David Stern Peels His Scabs
The referees you've always hated will probably be back for Tuesday's NBA opener, replacing the replacement referees you were going to hate even more. And so ends a monthlong referee lockout that really had nothing to do with the referees.
The union's 57 refs have a vote scheduled for Friday and will likely approve the deal, according to the New York Times' Howard Beck. The sticking points had been the referees' pension plan and severance package, and the two sides were reportedly only $700,000 apart before negotiations broke down. That represents just a shade over .02 percent of NBA revenue, a tiny pot over which David Stern nevertheless chose to scratch and claw, not because the league is so hard up for cash that it has to take it out of its referees' pockets, but because Stern, with NBA-NBPA collective-bargaining talks underway, wanted to make a big show of scratching and clawing.

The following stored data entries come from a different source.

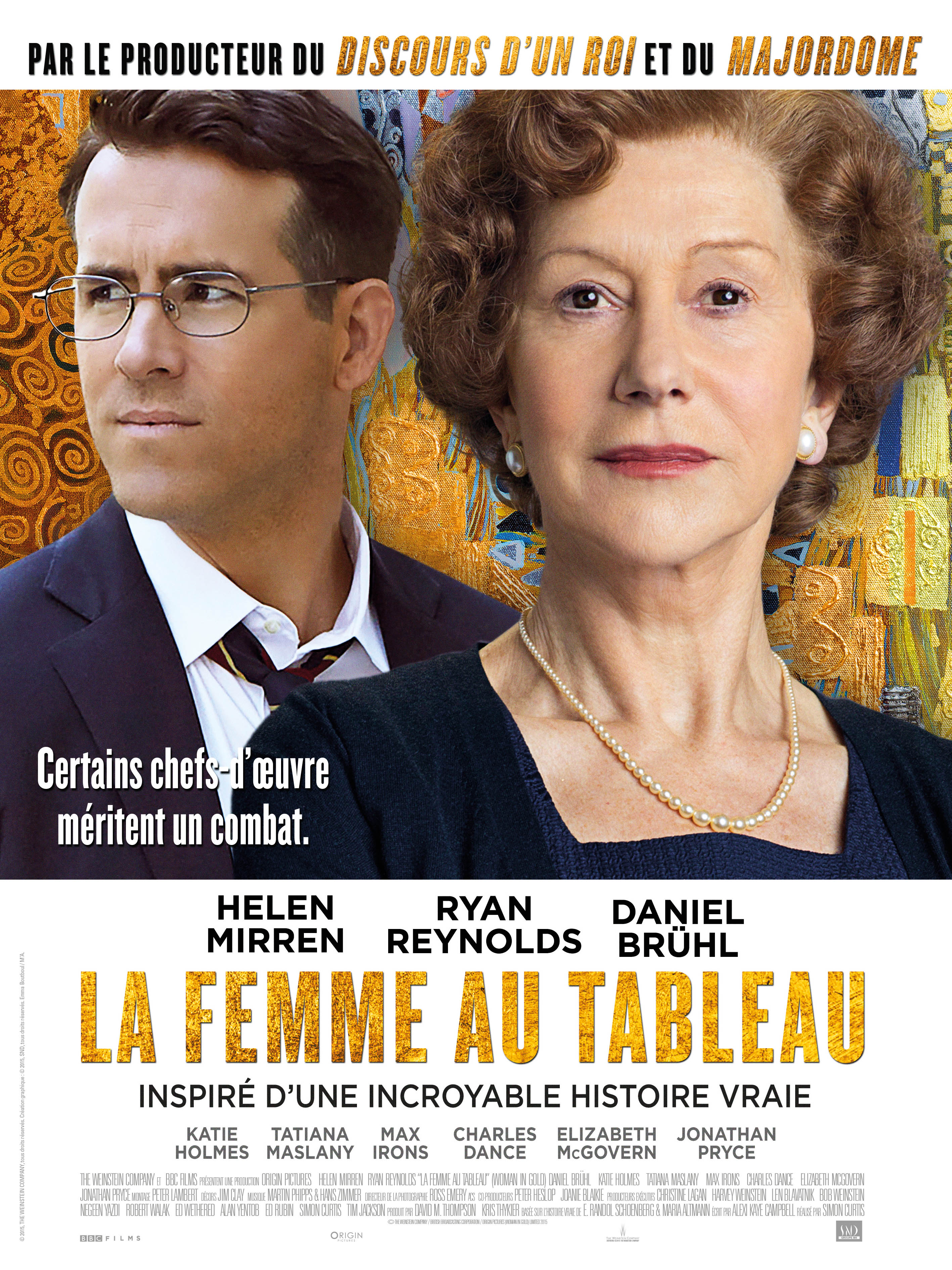 Ключевыми героями истории выступают молодой калифорнийский адвокат и пожилая мисс Альтман. История подает все судебное разбирательство не только как попытку добиться торжества справедливости, но и как взаимодействие между двумя совершенно разными поколениями людей. Когда-то эта женщина потеряла почти все, кроме мужа и собственной жизни, а спустя полвека ее молодой адвокат рискует карьерой и благополучием уже своих родных, поставив все на кон. Райан Рейнольдс неожиданно хорошо выглядит в драматическом амплуа, составляя достойную компанию своей именитой коллеге Хелен Миррен.
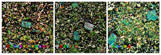 (a–c) SEM-EDX mapping TC1–TC3 area (from left to right).
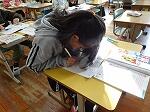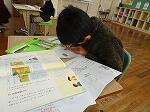4年生は算数で、小数倍の学習でした。具体的には、「赤のリボンは28cmで、青のリボンは20cmです。赤のリボンは青のリボンの何倍ですか」といった問題に挑戦していました。整数の場合と考え方は同じですので、その考え方をもとにして解いていきますが、やはりワンステップ難しいので、考え込む子もいました。テープ図等をヒントとしてがんばって解いていました。
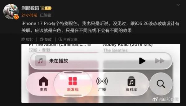 据博主刹那数码的爆料,苹果正在测试一款特别的新配色,预计与iOS 26的“液态玻璃”设计相关。
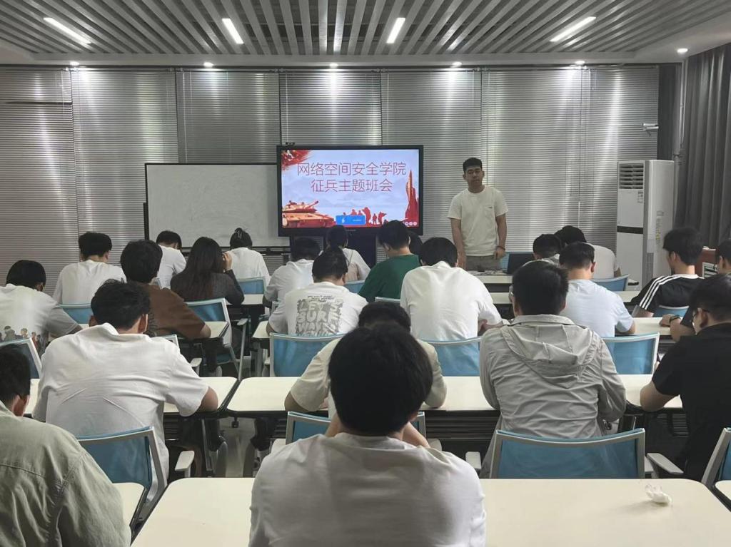 于2024年7月2日在1208教室召开征兵动员主题班会,此次班会由辅导员郭政良主持,全体研究生参加。
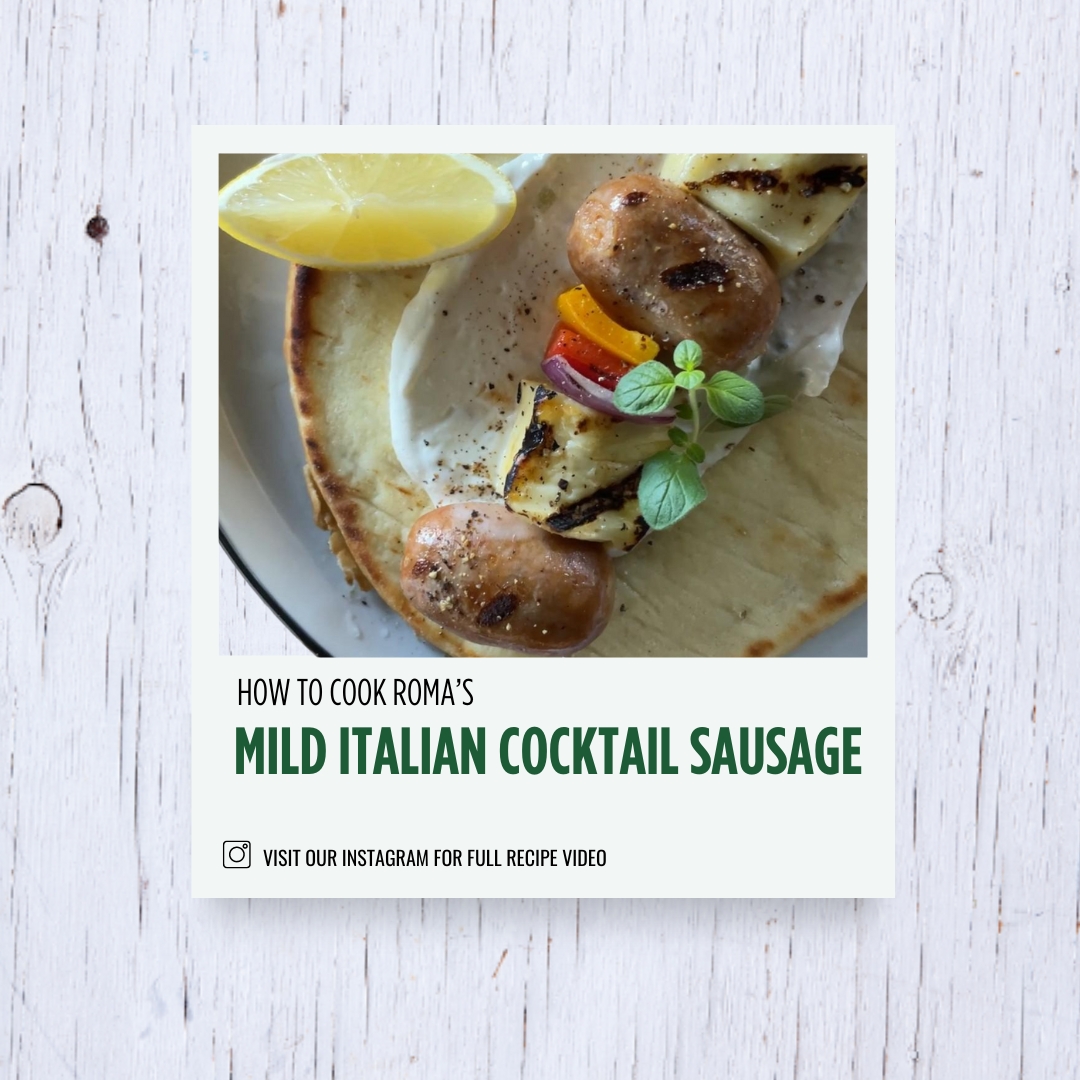 Roma’s mild Italian cocktail sausages are not only perfect for making your own kebabs, but they also let you reinvent your favourite sausage dishes. Use them to make bacon-wrapped mini sausages or paninis quickly to be devoured. They’ll be a sure-fire hit as a garnish on Italian poutine or for flavour-packed papillote meals. Don’t hesitate to cook them differently for every occasion!
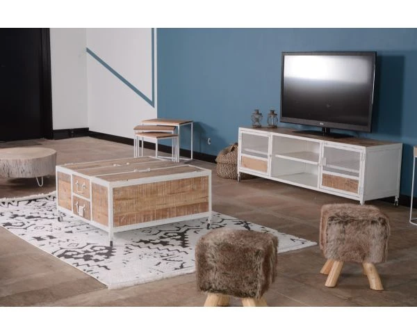 Métal blanc et bois de manguier blanchi finition récup
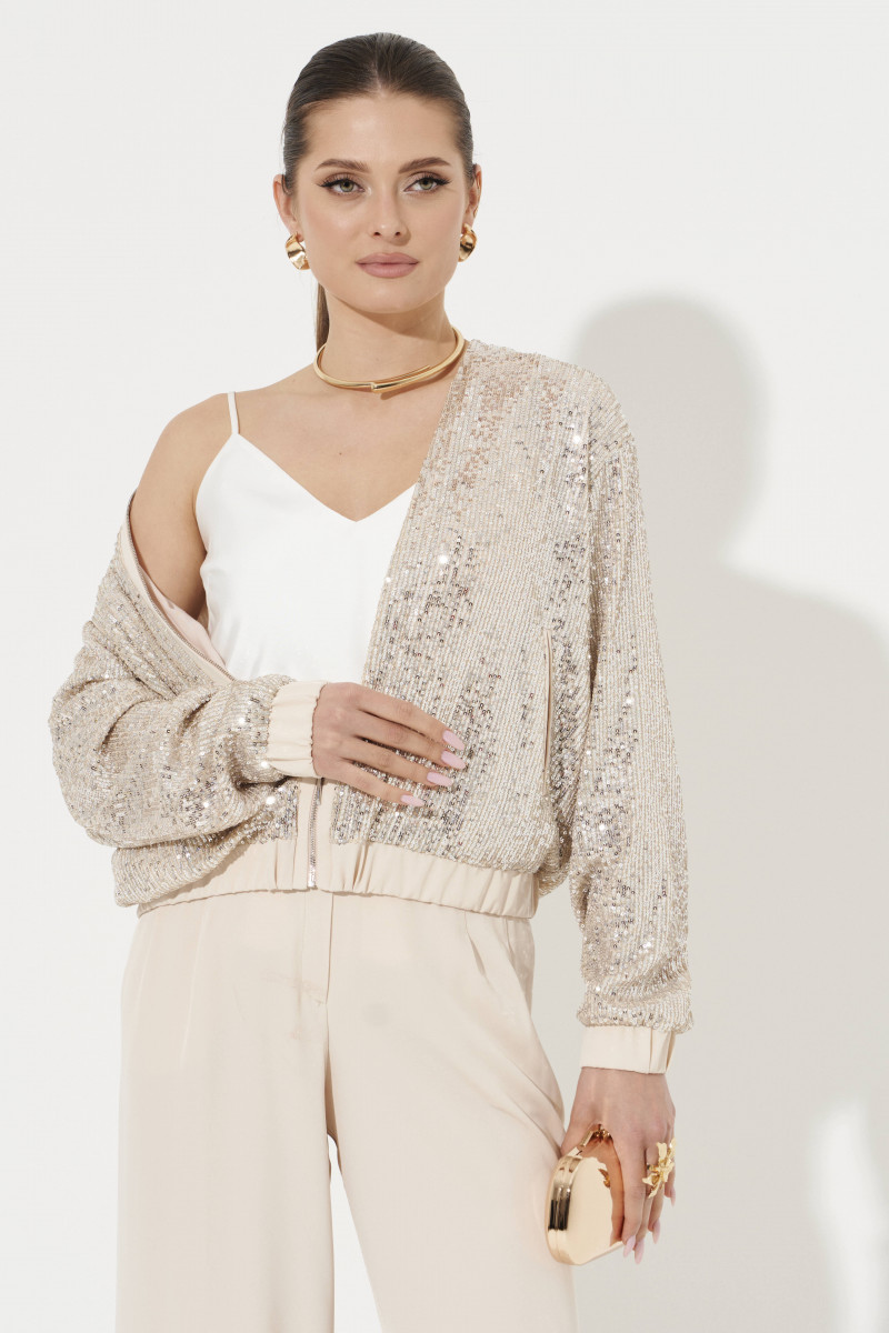 Жакет женский из нарядной ткани в пайетки. Жакет с длинным втачным рукавом. По низу рукава манжета на резинке. По переду имеются прорезные карманы в рамку. Горловина обработана стойкой. Застежка на молнию, вдоль которой отделочные планки. По низу жакета притачной пояс с резинкой. Планки вдоль молнии, манжеты, пояс по низу изделия оформлены деталями из атласной ткани. Жакет на вискозной подкладке. В этом нарядном жакете вы будете неотразимы!
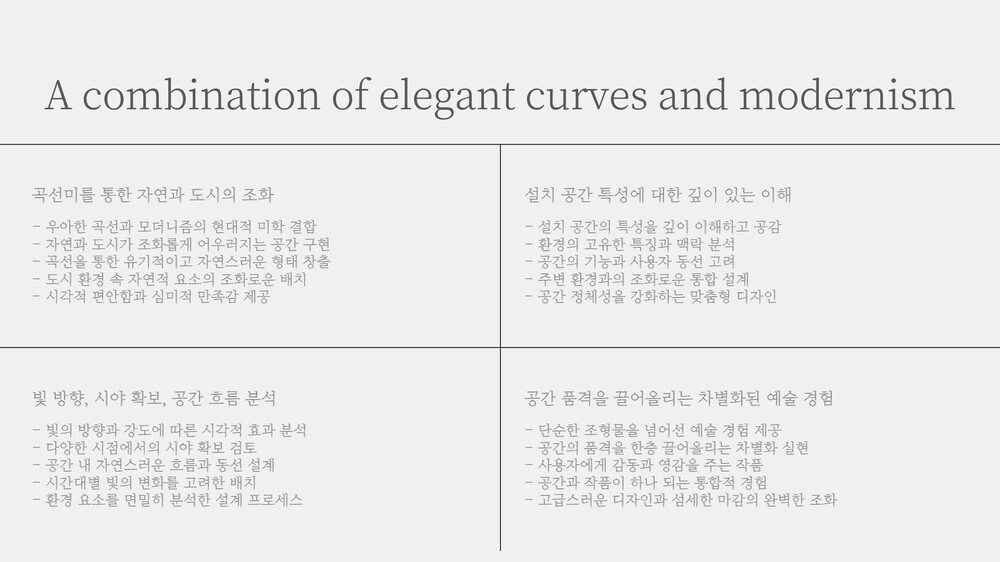 저희 회사의 조각 작품은 우아한 곡선과 모더니즘의 현대적 미학을 완벽히 결합하여, 설치 공간의 특성을 깊이 이해하고 이에 적극적으로 공감하는 고급스러운 디자인과 섬세한 마감을 자랑합니다. 특히, 곡선미를 통해 자연과 도시가 조화롭게 어우러지는 공간을 구현하며, 작품이 설치되는 환경의 빛 방향, 시야 확보, 공간 흐름 등 요소를 면밀히 분석한 후 설계함으로써, 단순한 조형물을 넘어 공간의 품격을 한층 끌어올리는 차별화된 예술 경험을 제공합니다.

This has long been Stern's m.o. (Remember: He came out of Proskauer Rose, a union-busting firm that now basically serves as a farm system for sports suits.) I know we're all supposed to genuflect at his feet for launching the NBA into the stratosphere, but he has now presided over three player lockouts and two referee lockouts and in the process dramatically changed the character of the league he inherited from Larry O'Brien (the guy who really did launch the NBA into the stratosphere, no matter how many tape-delay jokes Bill Simmons makes). There was labor peace before Stern, and it probably saved the league, and now there isn't, and it has cost not only half of one season but a great deal of the league's public-relations mojo (the demonization of NBA players as greedhead thugs has its roots in the labor strife of the 1990s; nobody trashed the players harder than the people who paid them). The NBA is a surly place now, and the guy who's running it has no qualms about throwing a few weaklings up against the wall, just to show everyone how tough he is.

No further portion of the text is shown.